- _Problem to work on_:
Leave the pictures out and restate every line below exactly.

- _Recorded information_:

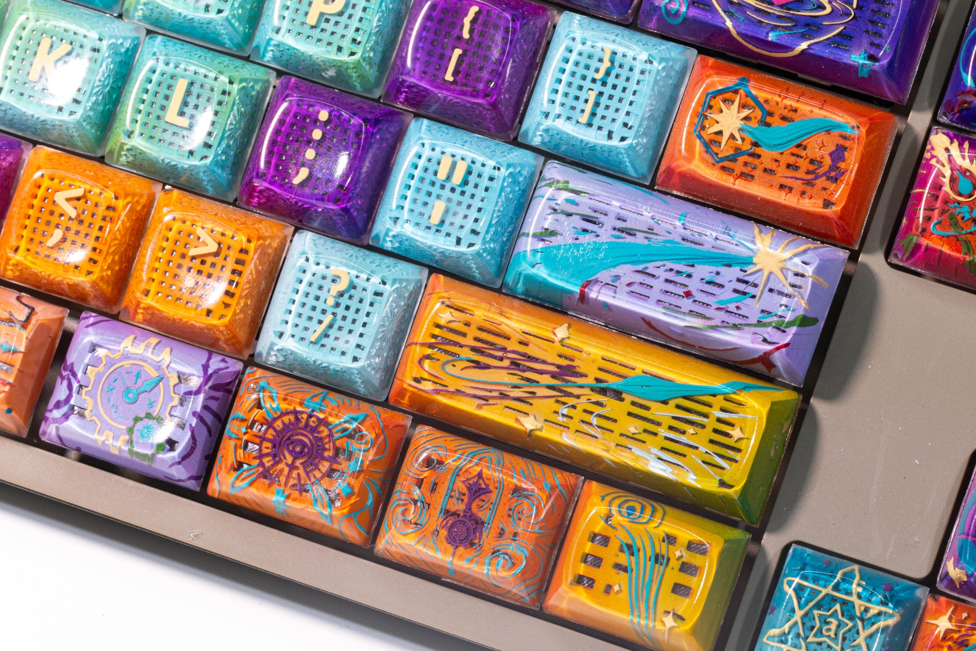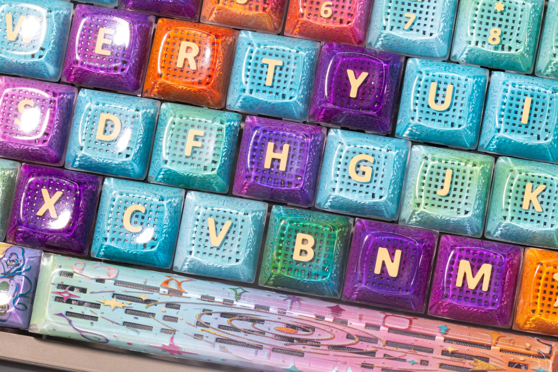 These galaxy keycaps are absolutely stunning. The resin has such depth, it feels like looking into space. My keyboard has never looked better!
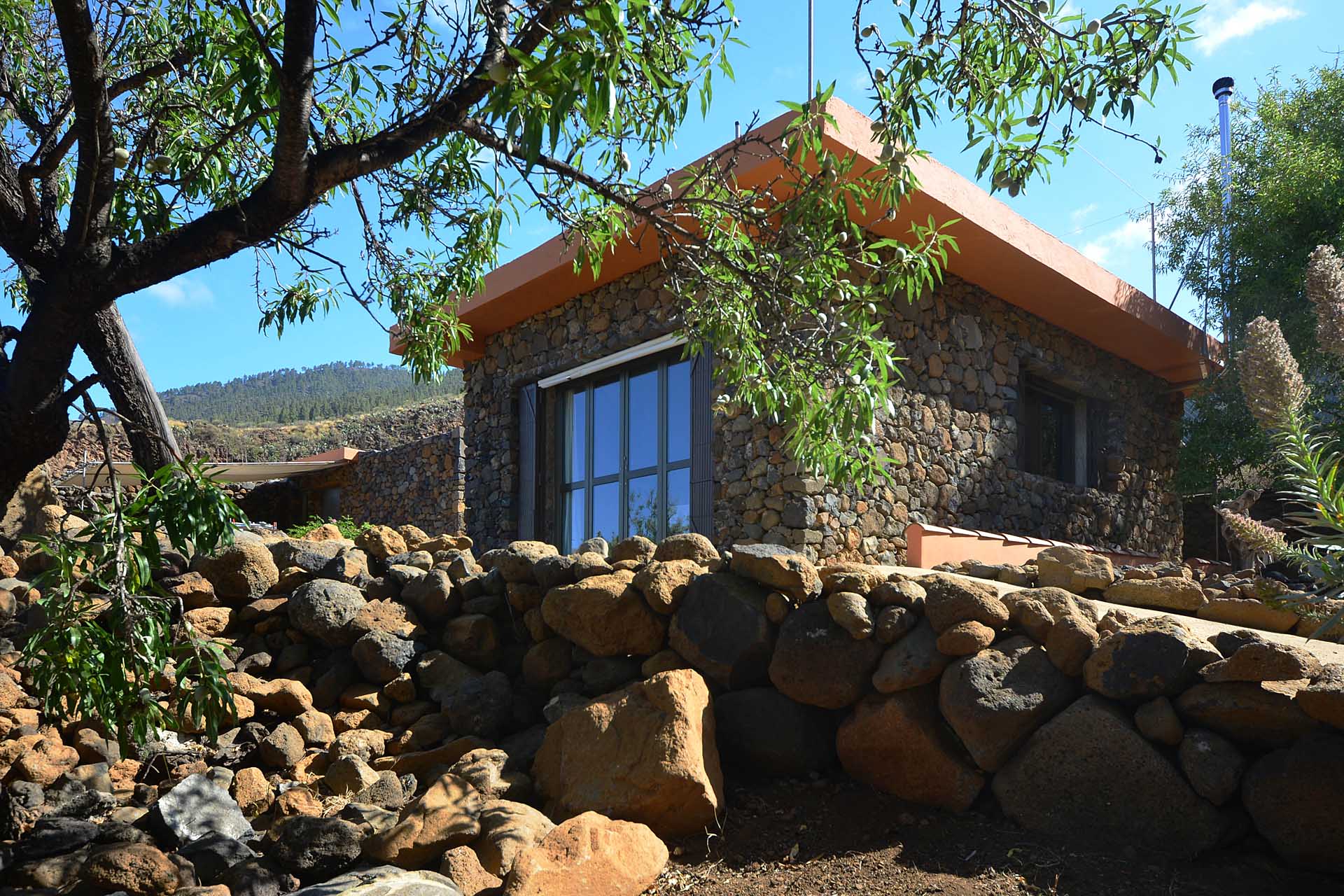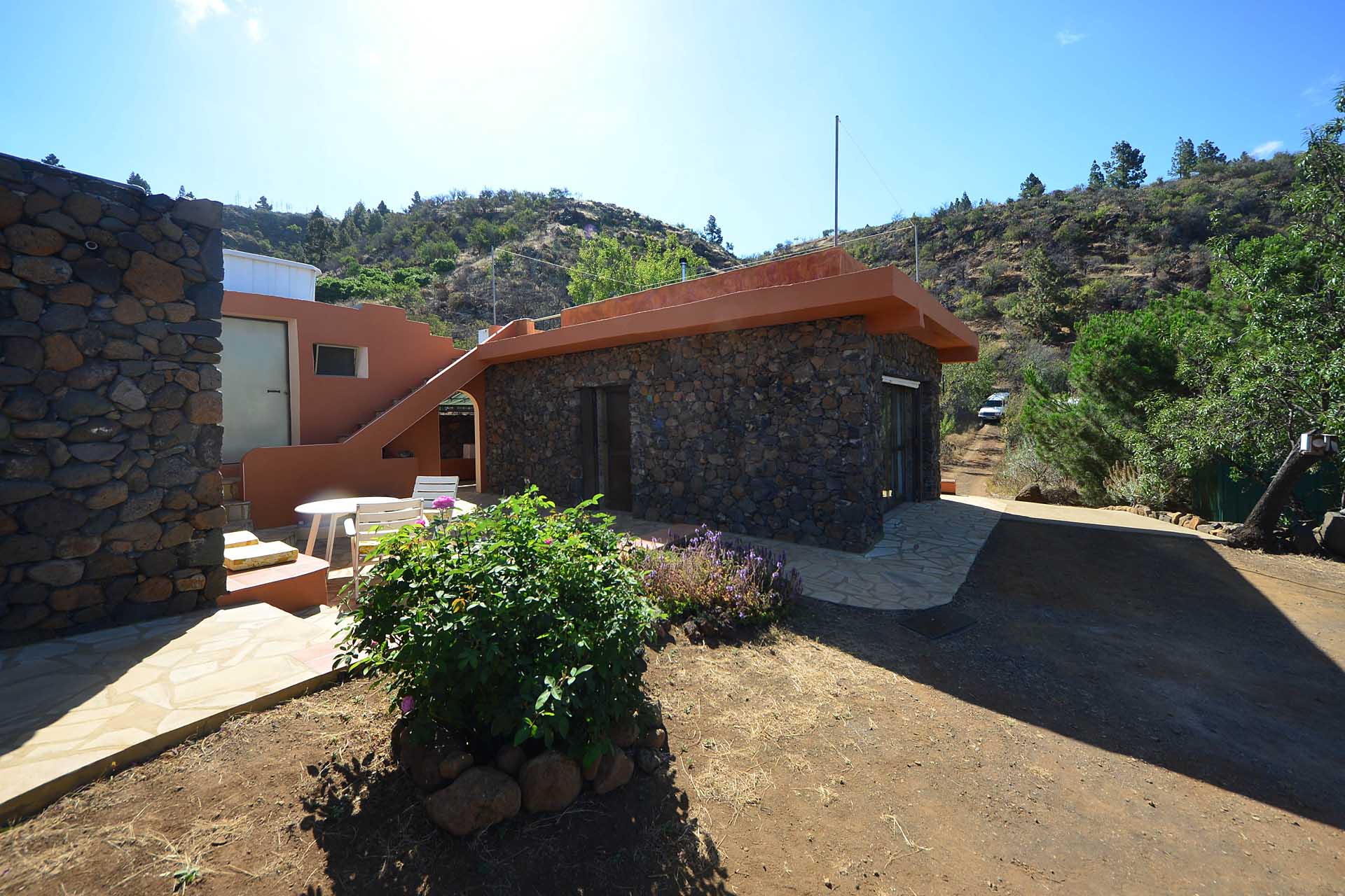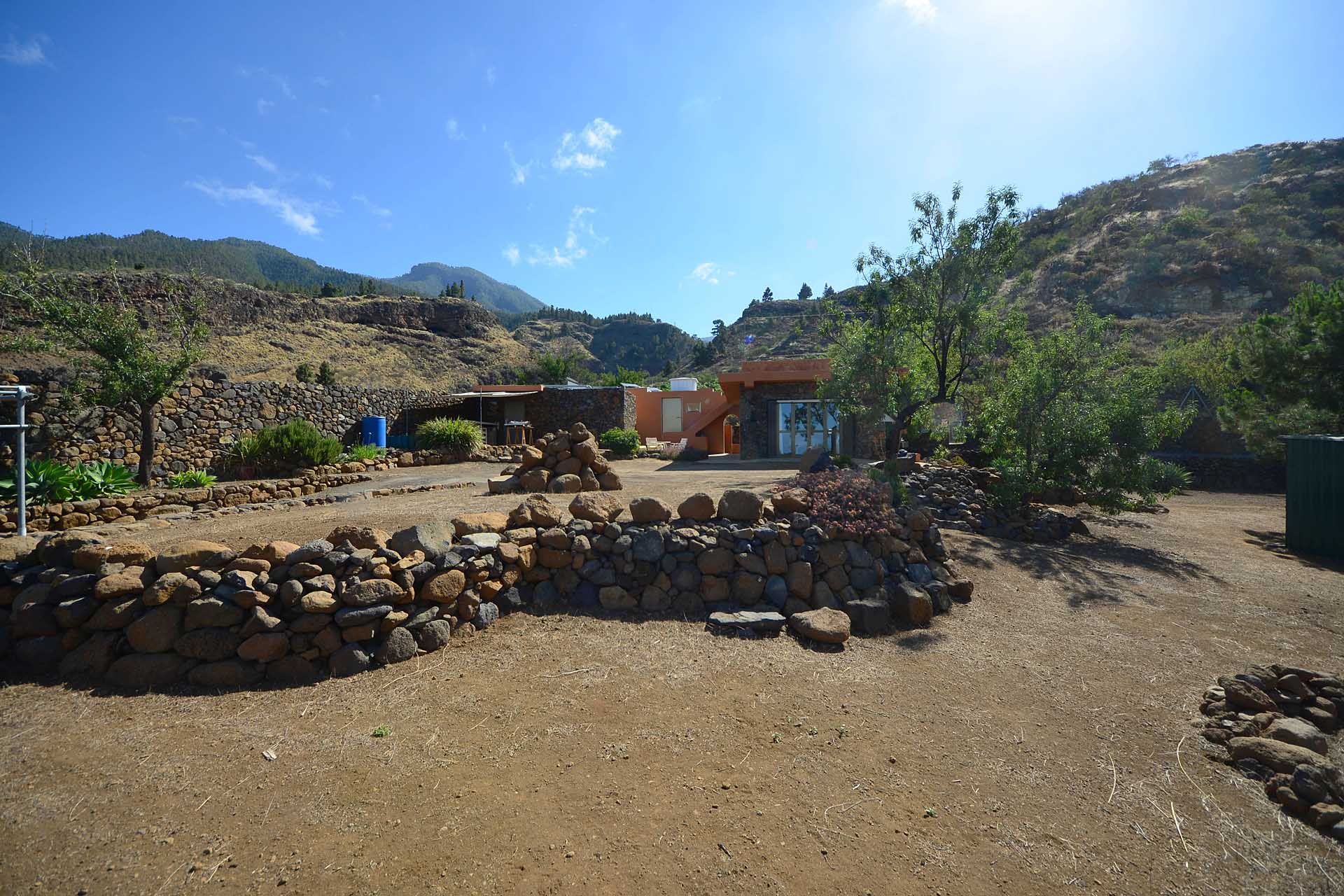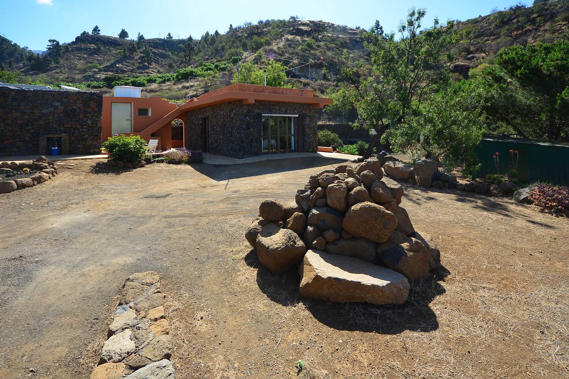 Das Grundstück wurde zum großen Teil naturbelassen und ist teilweise mit großen Mandelbäumen und einer beeindruckenden, kanarischen Kiefer eingewachsen.
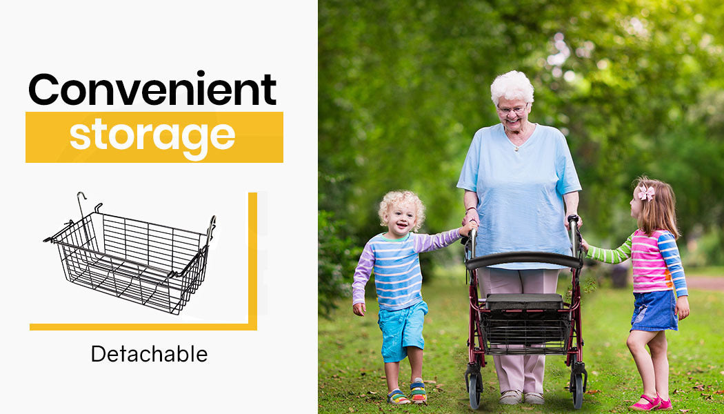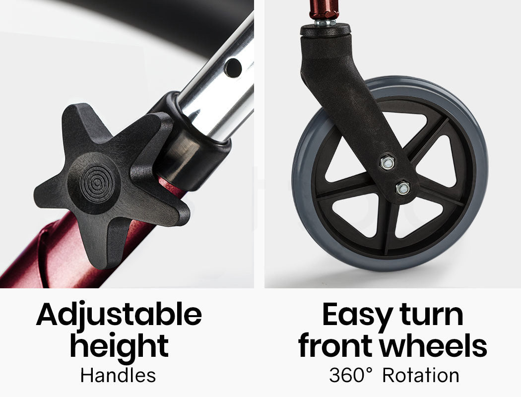 With dual-action loop handbrakes, adjustable handle height, contoured grips, padded seating and a comfortable padded backrest, your Equipmed rollator walker offers great ergonomics and comfort.

- _Answer section_:
 These galaxy keycaps are absolutely stunning. The resin has such depth, it feels like looking into space. My keyboard has never looked better!
 Das Grundstück wurde zum großen Teil naturbelassen und ist teilweise mit großen Mandelbäumen und einer beeindruckenden, kanarischen Kiefer eingewachsen.
 With dual-action loop handbrakes, adjustable handle height, contoured grips, padded seating and a comfortable padded backrest, your Equipmed rollator walker offers great ergonomics and comfort.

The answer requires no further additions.